Additional materials examined. Thailand, Nakhon Ratchasima Province, Khao Yai National Park, on ootheca of praying mantis (Mantidae), in leaf litter, 2 June 2011, K. Tasanathai, P. Srikitikulchai, S. Mongkolsamrit, A. Khonsanit, K. Sansatchanon & W. Noisripoom (BBH 37736, BCC48062); Chiang Mai Province, Ban Hua Thung community forest, on ootheca of praying mantis (Mantidae), 25 Oct. 2013, K. Tasanathai, P. Srikitikulchai, A. Khonsanit, W. Noisripoom, D. Thanakitpipattana & S. Watcharapayungkit (BBH 38368, BCC68420), (BBH 37855, BCC68421), (BBH 37793, BCC68417); Ban Hua Thung community forest, on ootheca of praying mantis (Mantidae), 29 Oct. 2014, K. Tasanathai, A. Khonsanit, W. Noisripoom, D. Thanakitpipattana, P. Srikitikulchai & S. Wongkanoun (BBH 39627, BCC75724), (BBH 39660, BCC75750); Nakhon Ratchasima Province, Khao Yai National Park, on ootheca of praying mantis (Mantidae), in leaf litter, 20 July 2014, K. Tasanathai, A. Khonsanit, W. Noisripoom & D. Thanakitpipattana (BBH 39552, BCC73637).

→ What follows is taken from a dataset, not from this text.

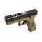 Pistolet Blowback Culasse métal noire Frame Polymère Tan Design Hexagonal Magwell Silver Canon externe silver Canon externe fileté pour installer un tracer ou un silencieux Culasse allégé améliorant le cycle Energie: 0.95 joules Capacité:27 billes Canon interne: 93 mm Longueur: Totale 200 mm Hauteur: 134 mm Mires en fibre optique

Petchia mantidicola (Kobayasi & Shimizu) Thanakitp., Mongkols. & Luangsa-ard, comb. nov. — MycoBank MB833017

Basionym. Cordyceps mantidicola Kobayasi & Shimizu [as ‘mantidaecola’], Bull. Natl. Sci. Mus., Tokyo, Ser. B 9: 12. 1983.

Notes — Both P. siamensis and P. mantidicola occur on ootheca of praying mantis and produce cream terminal obovoid perithecial heads. However, in P. siamensis the perithecia are distinctly larger (600–870 × 320–400 μm) than those of P. mantidicola (400–450 × 200–250 μm), and the ascospores in P. siamensis are whole while they disarticulate into part-spores in P. mantidicola (Table 3).

Table 3.

Morphological comparison of species (sexual morph).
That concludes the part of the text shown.